EXERCISE REQUIREMENTS
Quote the listing below in full and exactly as written, but omit every picture.

INPUT RECORDS

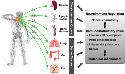 课题组跨学科整合全组织三维成像、光/化学遗传学、动物疾病模型及人类临床样本,建立了领先的神经免疫研究平台。课题组已在经典免疫器官天然免疫、肺部2型免疫反应、肠道急性炎症、肿瘤免疫等多个方面取得创新性成果,开拓了不同生理或病理条件下神经免疫调控的全新视角。不仅如此,课题组最新工作探索了神经退行性疾病或代谢类疾病中神经免疫调控的重要功能。这些研究成果将为利用特异性神经信号治疗不同免疫相关疾病提供关键的理论切入点。
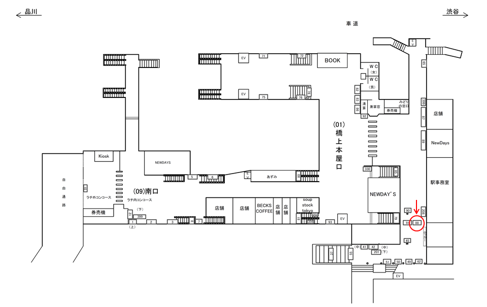 ○橋上本屋口№90 改札外コンコース(本屋改札口出口) |
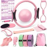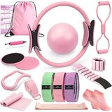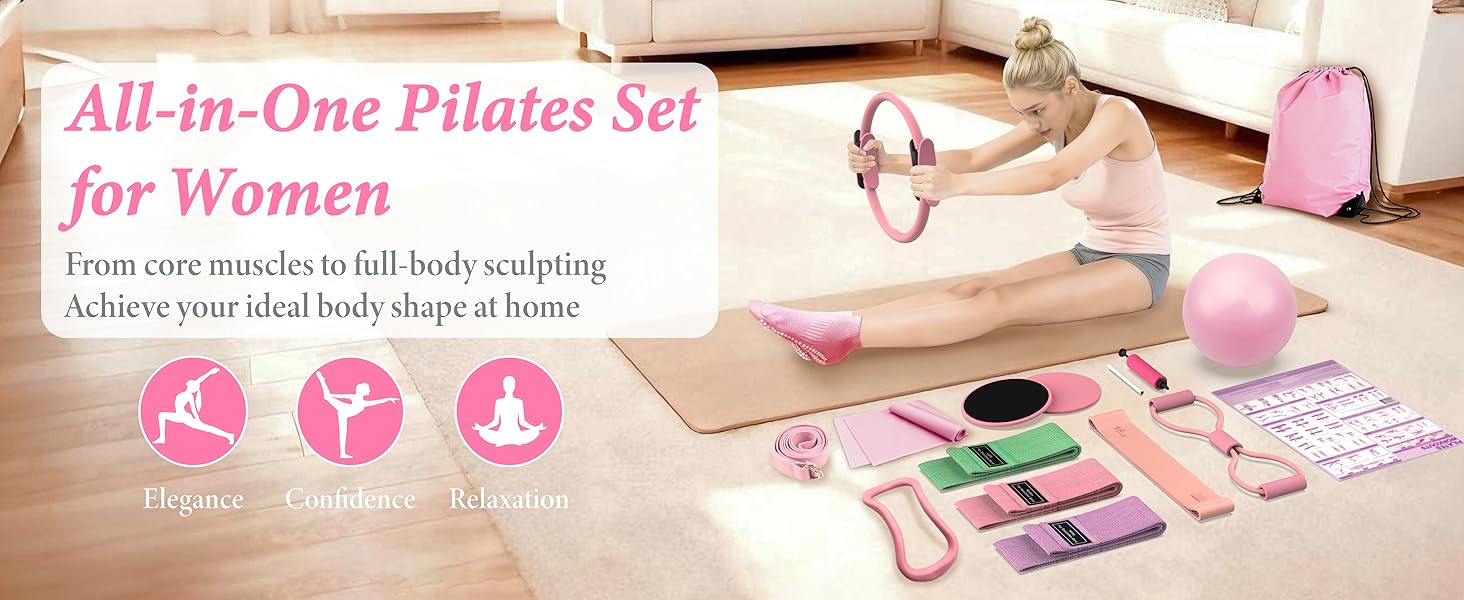 Full Pilates Kit for Women: Home pilates kit includes 14.6" Pilates ring x1, 8.7" Pilates ball with pump and tube x1, resistance bands x4, long resistance band x1, core sliders x2, pilates socks x1, yoga stretch band x1, stretch rings x1, figure 8 resistance band x1, storage bag x1, workout guide x1. A full-body at home pilates kit for strength, toning, and flexibility
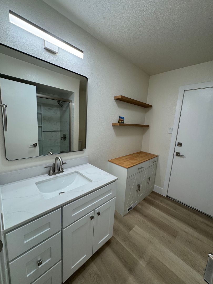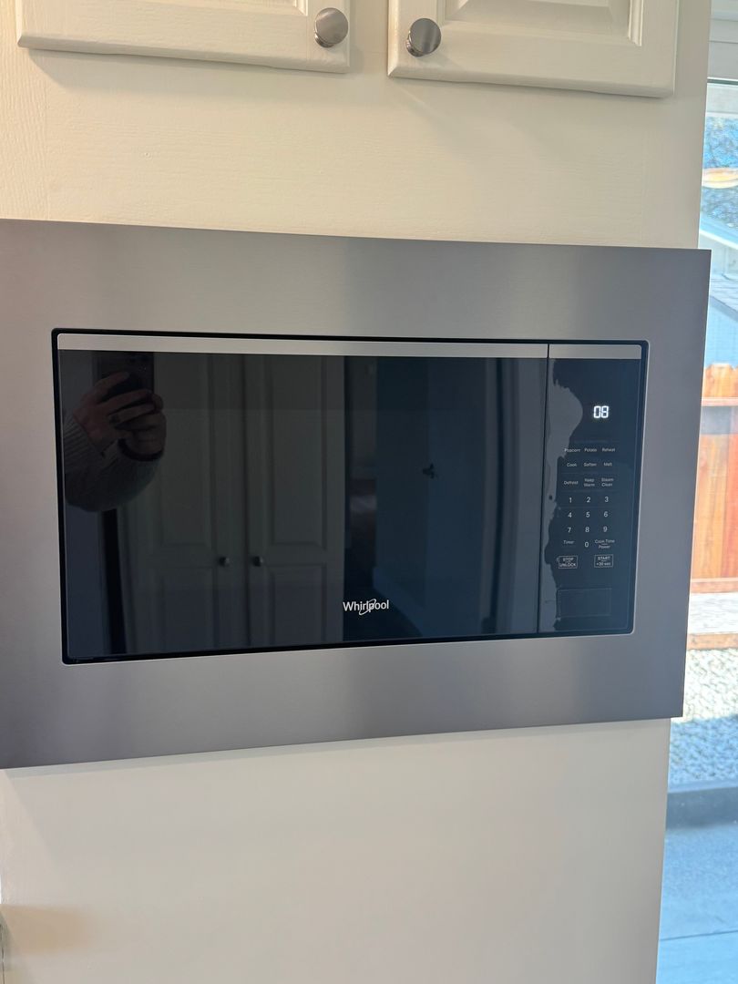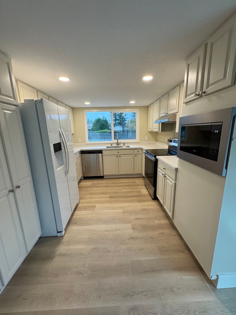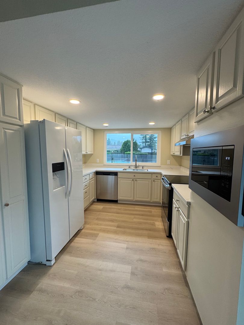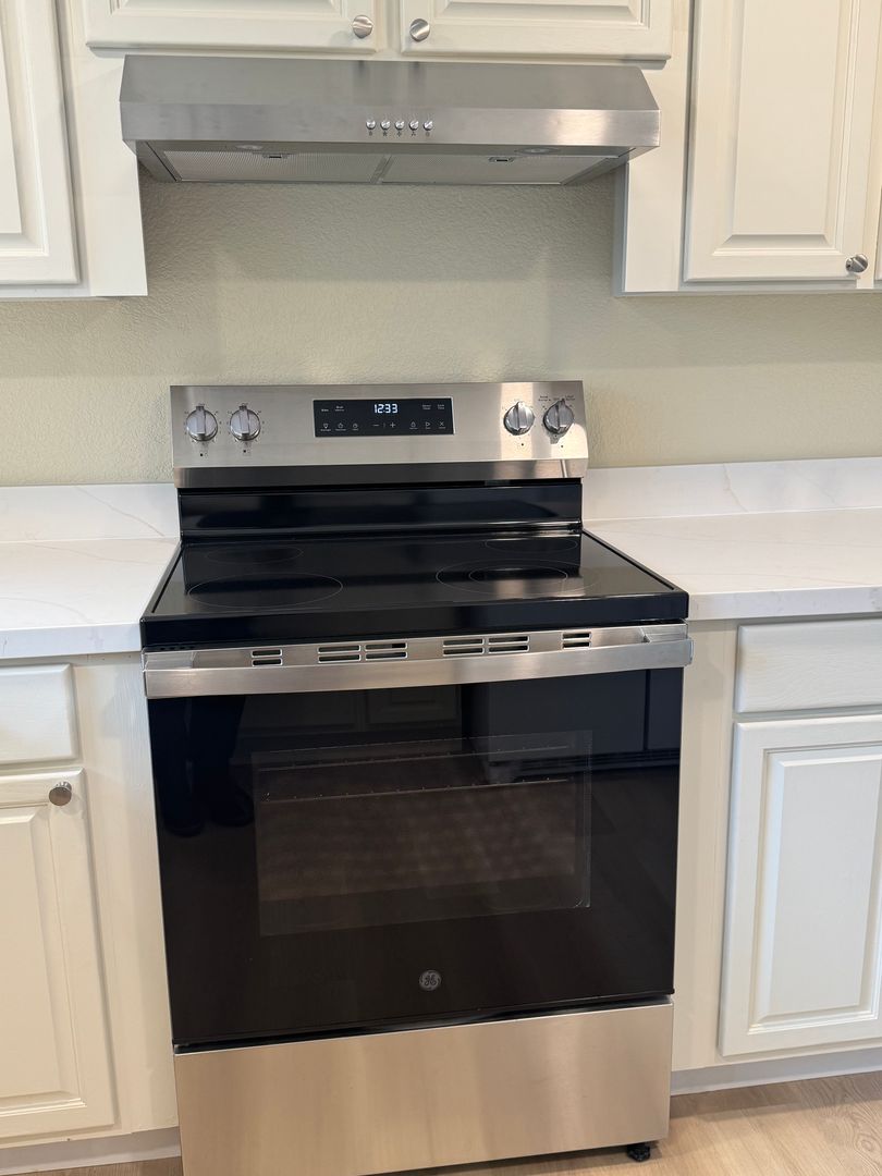 All new beautiful kitchen cabinets and counters, including new appliances, electric stove, microwave, refrigerator, and dishwasher.
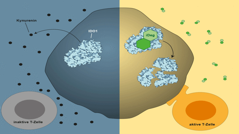Immuntherapien mit Checkpoint-Hemmern lösen gezielt die krebsschützenden „Bremsen“ im Immunsystem und werden bereits zur Behandlung vieler Tumorarten wie dem schwarzen Hautkrebs, Lungen-, Darm- und Brustkrebs eingesetzt. Diese Immuntherapien wirken jedoch nur bei einem Teil der Betroffenen, und nicht selten entwickeln sich auch Resistenzen. Präklinische Studien haben gezeigt, dass sich die Wirkung von Checkpoint-Hemmern deutlich verbessert, wenn man sie zusammen mit Hemmern des immunmodulierenden Enzyms Indolamin-2,3-Dioxygenase (IDO1) einsetzt. Während IDO1 im normalen Gewebe kaum vorkommt, liegt es im Tumor in hohen Mengen vor. Dort verstoffwechselt es die Aminosäure Tryptophan in Kynurenin, was zahlreiche negative Effekte auf die Immunantwort hat, wie zum Beispiel die Reduktion der Menge und Aktivität der T-Killerzellen.
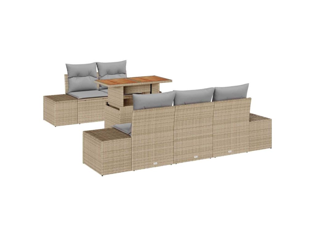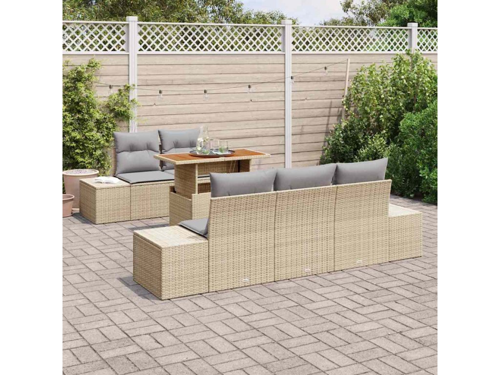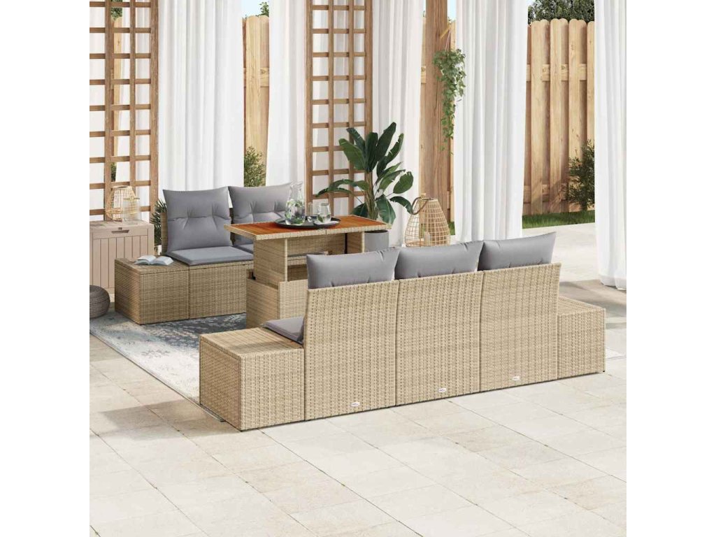 Tato sada zahradního sofa je stylová kombinace vzhledu a praktičnosti. Vyrobená z béžového poly ratanu a šedých polštářů, jasně oživí jakékoli venkovní místo, ať už je to terasa nebo balkon, pozve tě k odpočinku nebo setkání s kamarády.
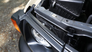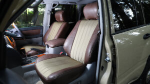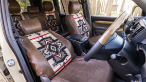 MONOBOXのフェイスキットを使用し、クラシックな雰囲気に一変。かつてはメッキのドアハンドルやボディ同色バンパーが好まれたが、近年の4WDのアイコンとなるのは未塗装樹脂パーツ。そこでバンパーやドアハンドルはマットブラックにペイントし、ワークホース的な雰囲気を醸し出している。ホイールも無闇と大口径を履かず、タイヤも比較的細身をチョイス。ルーフラックやオーニングなど最小限のパーツを追加し、シンプルな印象を与える。ボディ色に合わせたシートカバーも装着し、これぞトータルコーディネイトと言うべき仕上がりだ。
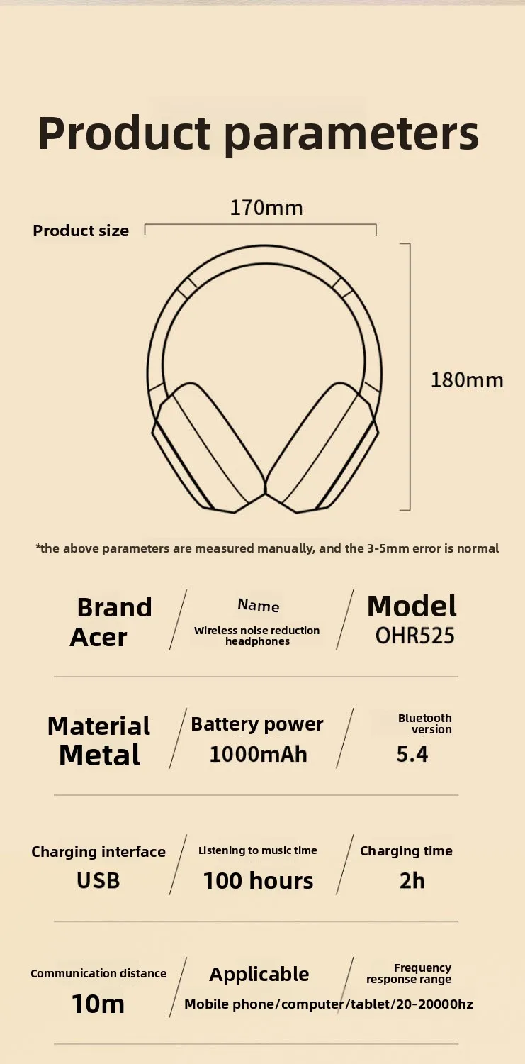 Nombre del producto: Auriculares inalámbricos Bluetooth Acer OHR525 ANC
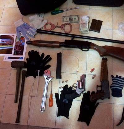 Tras la detención, los efectivos allanaron la vivienda donde el hombre se ocultaba en San Fernando. Allí secuestraron una escopeta 12/70, un revólver, un pistolón y precintos, una maza y una barreta.
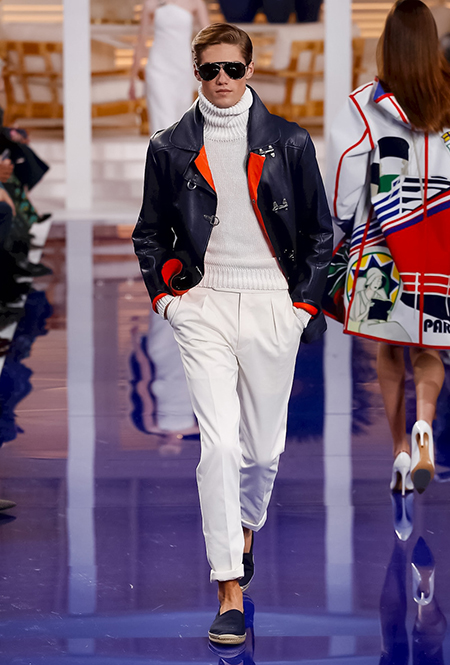 Белыми вещами весной и летом уже никого не удивить, а вот их небанальным сочетанием – попробовать можно. Мужская половина у Лорена под белоснежный пиджак надевает белый свитер в косичку, дополняя все это кипенными брюками и такими же эспадрильями, а женская – платья с бомберами, украшенные контрастным кантом и лодочками в тон.

ANSWER TO THE EXERCISE
 课题组跨学科整合全组织三维成像、光/化学遗传学、动物疾病模型及人类临床样本,建立了领先的神经免疫研究平台。课题组已在经典免疫器官天然免疫、肺部2型免疫反应、肠道急性炎症、肿瘤免疫等多个方面取得创新性成果,开拓了不同生理或病理条件下神经免疫调控的全新视角。不仅如此,课题组最新工作探索了神经退行性疾病或代谢类疾病中神经免疫调控的重要功能。这些研究成果将为利用特异性神经信号治疗不同免疫相关疾病提供关键的理论切入点。
 ○橋上本屋口№90 改札外コンコース(本屋改札口出口) |
 Full Pilates Kit for Women: Home pilates kit includes 14.6" Pilates ring x1, 8.7" Pilates ball with pump and tube x1, resistance bands x4, long resistance band x1, core sliders x2, pilates socks x1, yoga stretch band x1, stretch rings x1, figure 8 resistance band x1, storage bag x1, workout guide x1. A full-body at home pilates kit for strength, toning, and flexibility
 All new beautiful kitchen cabinets and counters, including new appliances, electric stove, microwave, refrigerator, and dishwasher.
Immuntherapien mit Checkpoint-Hemmern lösen gezielt die krebsschützenden „Bremsen“ im Immunsystem und werden bereits zur Behandlung vieler Tumorarten wie dem schwarzen Hautkrebs, Lungen-, Darm- und Brustkrebs eingesetzt. Diese Immuntherapien wirken jedoch nur bei einem Teil der Betroffenen, und nicht selten entwickeln sich auch Resistenzen. Präklinische Studien haben gezeigt, dass sich die Wirkung von Checkpoint-Hemmern deutlich verbessert, wenn man sie zusammen mit Hemmern des immunmodulierenden Enzyms Indolamin-2,3-Dioxygenase (IDO1) einsetzt. Während IDO1 im normalen Gewebe kaum vorkommt, liegt es im Tumor in hohen Mengen vor. Dort verstoffwechselt es die Aminosäure Tryptophan in Kynurenin, was zahlreiche negative Effekte auf die Immunantwort hat, wie zum Beispiel die Reduktion der Menge und Aktivität der T-Killerzellen.
 Tato sada zahradního sofa je stylová kombinace vzhledu a praktičnosti. Vyrobená z béžového poly ratanu a šedých polštářů, jasně oživí jakékoli venkovní místo, ať už je to terasa nebo balkon, pozve tě k odpočinku nebo setkání s kamarády.
 MONOBOXのフェイスキットを使用し、クラシックな雰囲気に一変。かつてはメッキのドアハンドルやボディ同色バンパーが好まれたが、近年の4WDのアイコンとなるのは未塗装樹脂パーツ。そこでバンパーやドアハンドルはマットブラックにペイントし、ワークホース的な雰囲気を醸し出している。ホイールも無闇と大口径を履かず、タイヤも比較的細身をチョイス。ルーフラックやオーニングなど最小限のパーツを追加し、シンプルな印象を与える。ボディ色に合わせたシートカバーも装着し、これぞトータルコーディネイトと言うべき仕上がりだ。
 Nombre del producto: Auriculares inalámbricos Bluetooth Acer OHR525 ANC
 Tras la detención, los efectivos allanaron la vivienda donde el hombre se ocultaba en San Fernando. Allí secuestraron una escopeta 12/70, un revólver, un pistolón y precintos, una maza y una barreta.
 Белыми вещами весной и летом уже никого не удивить, а вот их небанальным сочетанием – попробовать можно. Мужская половина у Лорена под белоснежный пиджак надевает белый свитер в косичку, дополняя все это кипенными брюками и такими же эспадрильями, а женская – платья с бомберами, украшенные контрастным кантом и лодочками в тон.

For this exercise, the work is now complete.